(WORKING DATA):

━━━━━━━━━━━━━━━━

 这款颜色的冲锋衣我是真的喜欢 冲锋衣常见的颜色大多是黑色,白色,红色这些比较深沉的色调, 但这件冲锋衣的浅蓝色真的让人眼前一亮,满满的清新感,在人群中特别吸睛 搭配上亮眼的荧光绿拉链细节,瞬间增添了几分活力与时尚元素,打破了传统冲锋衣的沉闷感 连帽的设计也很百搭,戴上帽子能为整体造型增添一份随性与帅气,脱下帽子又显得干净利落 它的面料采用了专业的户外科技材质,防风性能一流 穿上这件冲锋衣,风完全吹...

━━━━━━━━━━━━━━━━

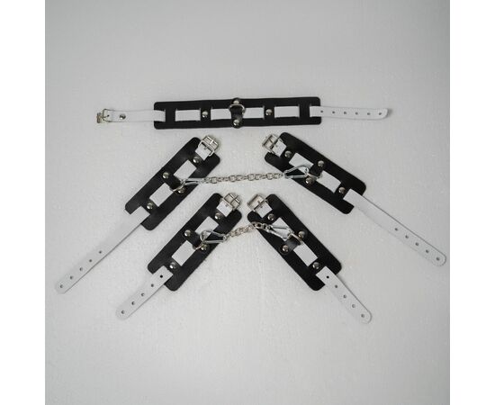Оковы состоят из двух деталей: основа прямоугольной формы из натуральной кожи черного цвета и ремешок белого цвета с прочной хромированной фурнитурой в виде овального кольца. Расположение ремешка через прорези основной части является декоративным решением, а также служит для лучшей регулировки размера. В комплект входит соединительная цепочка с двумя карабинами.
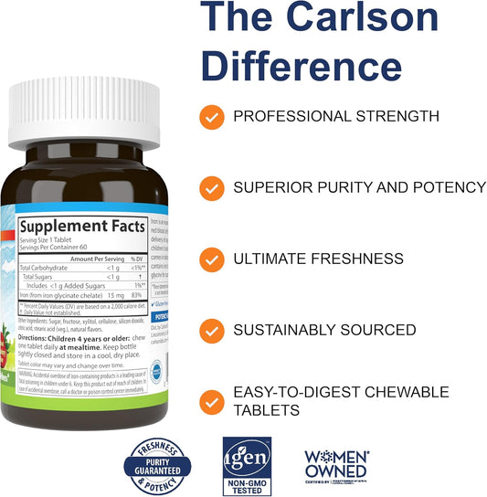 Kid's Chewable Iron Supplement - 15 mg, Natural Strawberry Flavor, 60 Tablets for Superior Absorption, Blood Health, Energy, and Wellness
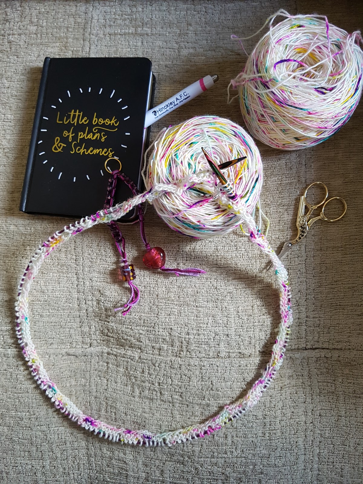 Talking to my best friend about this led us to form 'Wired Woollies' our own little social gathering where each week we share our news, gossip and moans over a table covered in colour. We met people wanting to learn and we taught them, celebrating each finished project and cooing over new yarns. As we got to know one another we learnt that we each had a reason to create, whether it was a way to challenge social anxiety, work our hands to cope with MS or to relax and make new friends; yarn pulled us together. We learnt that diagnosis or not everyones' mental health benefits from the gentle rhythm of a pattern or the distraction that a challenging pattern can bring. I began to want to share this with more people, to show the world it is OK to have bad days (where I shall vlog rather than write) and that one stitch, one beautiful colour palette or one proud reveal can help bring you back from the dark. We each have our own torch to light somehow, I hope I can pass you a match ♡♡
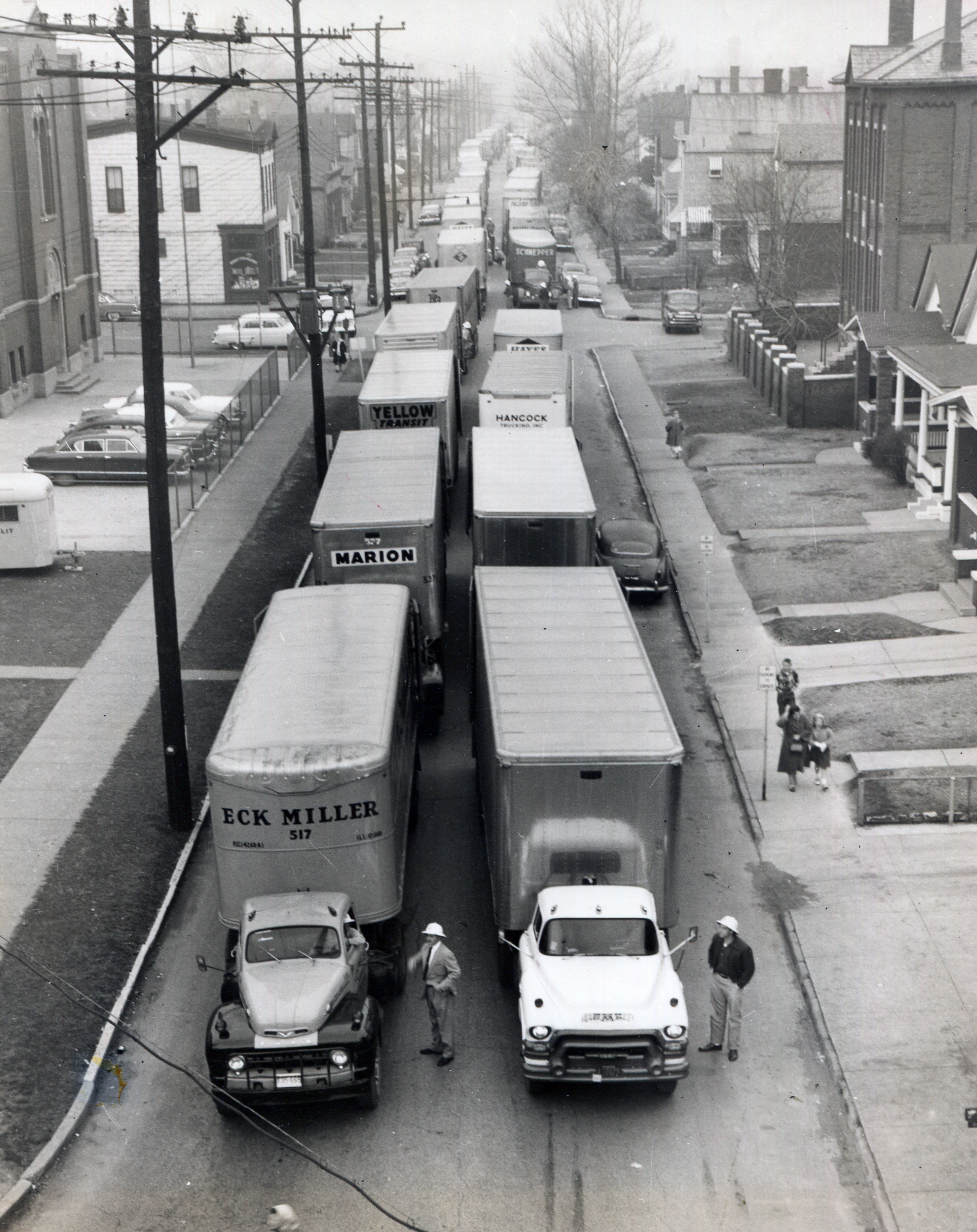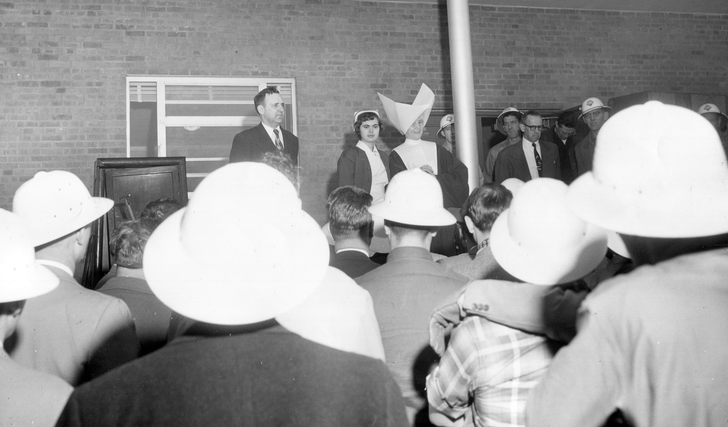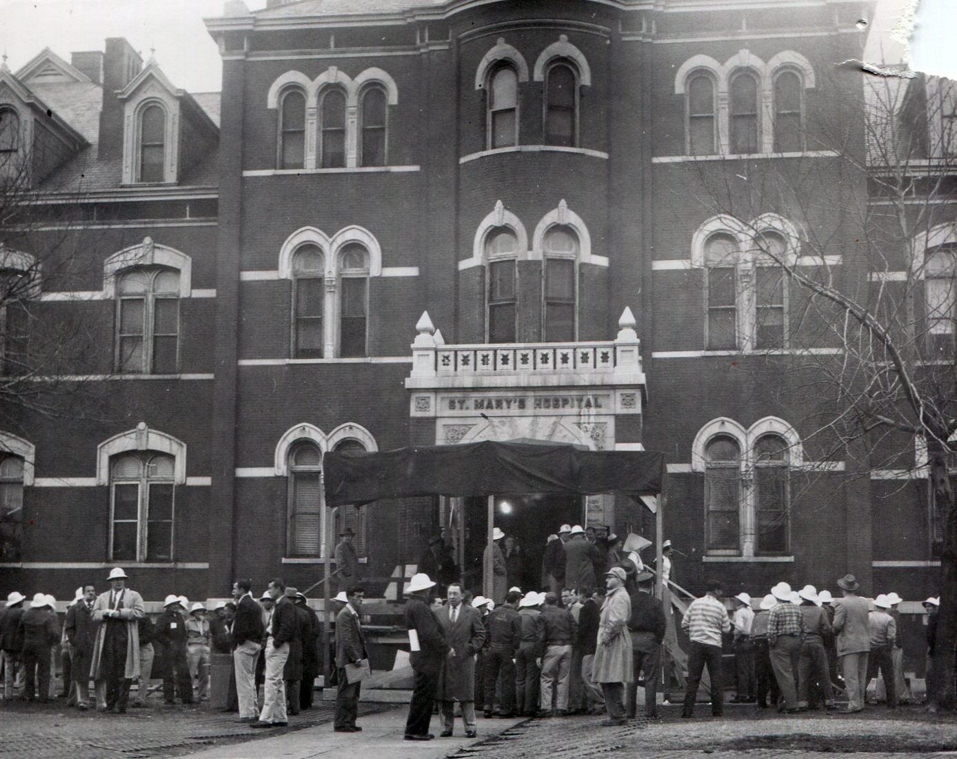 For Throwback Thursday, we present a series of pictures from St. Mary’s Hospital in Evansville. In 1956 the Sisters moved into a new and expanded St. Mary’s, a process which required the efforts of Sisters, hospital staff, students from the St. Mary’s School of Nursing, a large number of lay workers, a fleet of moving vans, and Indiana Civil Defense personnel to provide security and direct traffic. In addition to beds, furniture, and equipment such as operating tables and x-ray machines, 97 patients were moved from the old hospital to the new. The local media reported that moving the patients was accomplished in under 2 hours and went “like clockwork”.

━━━━━━━━━━━━━━━━

(YOUR INSTRUCTIONS): When you reach the line with "Kid's Chewable Iron" in the records above, start writing out each line exactly, and stop after the line with "Talking to my". Pictures stay out.

(FINISHED TASK):
 Kid's Chewable Iron Supplement - 15 mg, Natural Strawberry Flavor, 60 Tablets for Superior Absorption, Blood Health, Energy, and Wellness
 Talking to my best friend about this led us to form 'Wired Woollies' our own little social gathering where each week we share our news, gossip and moans over a table covered in colour. We met people wanting to learn and we taught them, celebrating each finished project and cooing over new yarns. As we got to know one another we learnt that we each had a reason to create, whether it was a way to challenge social anxiety, work our hands to cope with MS or to relax and make new friends; yarn pulled us together. We learnt that diagnosis or not everyones' mental health benefits from the gentle rhythm of a pattern or the distraction that a challenging pattern can bring. I began to want to share this with more people, to show the world it is OK to have bad days (where I shall vlog rather than write) and that one stitch, one beautiful colour palette or one proud reveal can help bring you back from the dark. We each have our own torch to light somehow, I hope I can pass you a match ♡♡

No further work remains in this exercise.